[SUPPLIED MATERIAL — start]
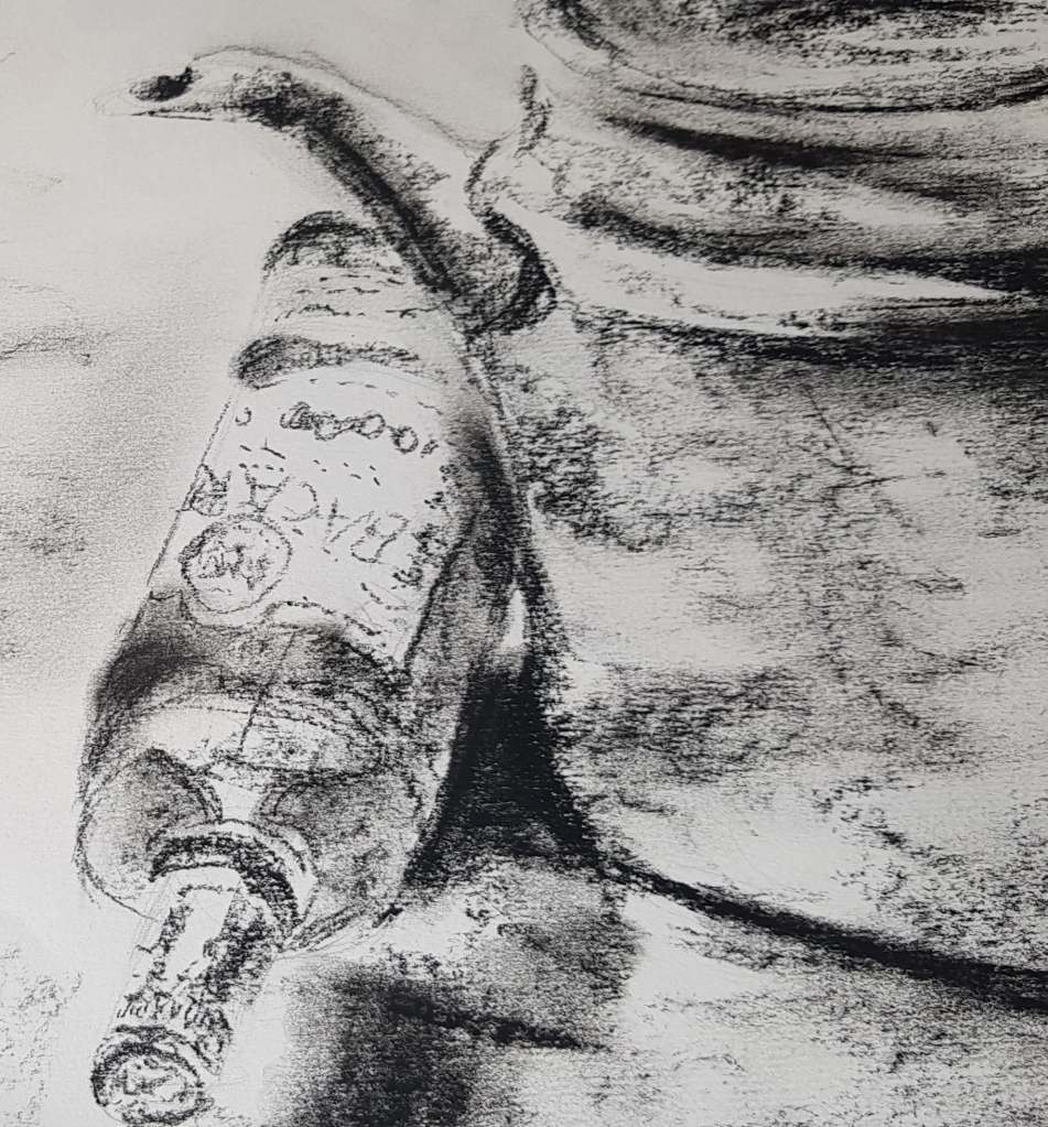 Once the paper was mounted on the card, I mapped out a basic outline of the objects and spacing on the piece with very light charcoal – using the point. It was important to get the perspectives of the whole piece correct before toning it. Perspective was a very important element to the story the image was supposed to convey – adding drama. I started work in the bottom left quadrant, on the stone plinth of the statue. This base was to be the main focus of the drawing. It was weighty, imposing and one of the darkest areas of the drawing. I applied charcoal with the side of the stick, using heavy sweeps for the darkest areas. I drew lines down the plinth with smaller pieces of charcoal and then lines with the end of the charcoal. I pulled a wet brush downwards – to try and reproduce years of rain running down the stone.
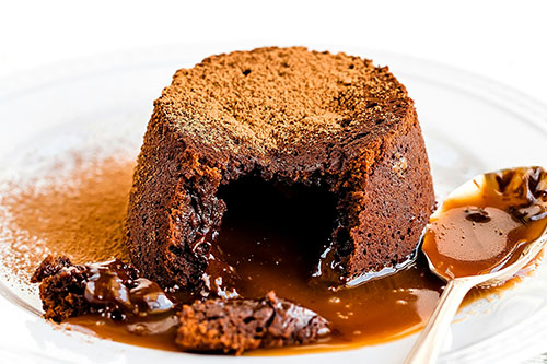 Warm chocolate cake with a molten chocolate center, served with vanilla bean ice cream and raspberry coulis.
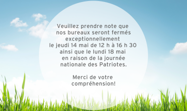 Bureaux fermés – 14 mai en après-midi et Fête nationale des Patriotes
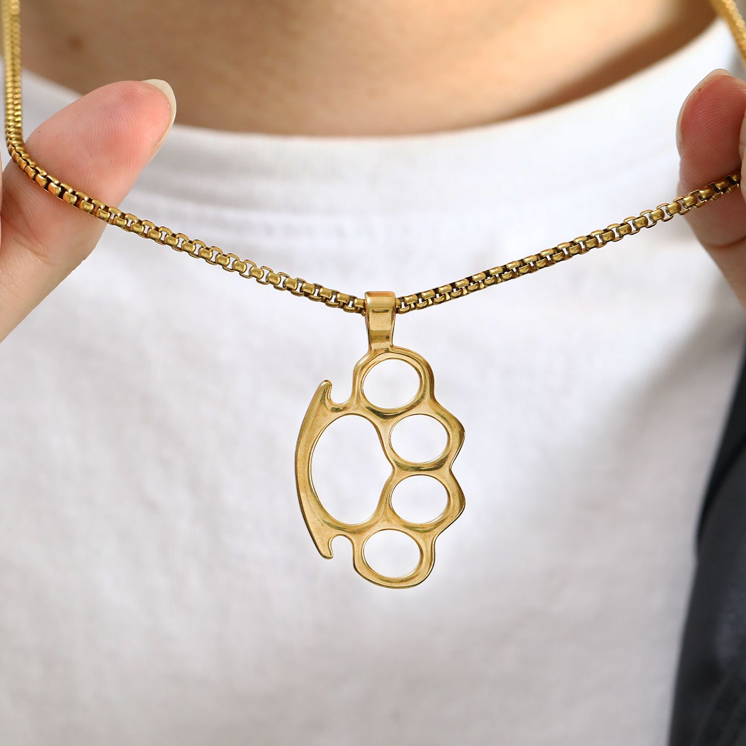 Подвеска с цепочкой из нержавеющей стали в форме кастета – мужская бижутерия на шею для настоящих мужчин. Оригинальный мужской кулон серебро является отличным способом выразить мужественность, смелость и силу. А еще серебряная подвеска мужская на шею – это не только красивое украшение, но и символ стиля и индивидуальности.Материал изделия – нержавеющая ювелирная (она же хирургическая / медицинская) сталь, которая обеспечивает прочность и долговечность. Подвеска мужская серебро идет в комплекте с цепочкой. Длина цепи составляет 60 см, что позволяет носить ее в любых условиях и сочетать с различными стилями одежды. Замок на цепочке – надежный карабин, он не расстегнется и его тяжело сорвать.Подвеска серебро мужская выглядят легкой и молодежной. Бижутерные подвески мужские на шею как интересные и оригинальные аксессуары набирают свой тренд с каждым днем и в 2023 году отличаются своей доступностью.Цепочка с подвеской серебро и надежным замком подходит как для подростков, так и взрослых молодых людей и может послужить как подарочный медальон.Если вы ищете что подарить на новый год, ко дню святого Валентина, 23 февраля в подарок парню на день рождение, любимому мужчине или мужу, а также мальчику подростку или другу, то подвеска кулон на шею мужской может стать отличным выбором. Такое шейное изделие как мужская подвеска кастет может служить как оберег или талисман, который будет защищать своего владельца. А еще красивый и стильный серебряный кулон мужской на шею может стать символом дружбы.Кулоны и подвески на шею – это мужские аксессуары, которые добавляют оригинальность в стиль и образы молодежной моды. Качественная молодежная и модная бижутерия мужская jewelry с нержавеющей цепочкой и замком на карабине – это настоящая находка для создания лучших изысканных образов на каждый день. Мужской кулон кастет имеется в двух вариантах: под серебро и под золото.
[SUPPLIED MATERIAL — finish]
YOUR TASK —
Reproduce the lines above beginning at the line that contains "Warm chocolate cake" and ending at the line that contains "Bureaux fermés –". No pictures.

EXPECTED ANSWER —
 Warm chocolate cake with a molten chocolate center, served with vanilla bean ice cream and raspberry coulis.
 Bureaux fermés – 14 mai en après-midi et Fête nationale des Patriotes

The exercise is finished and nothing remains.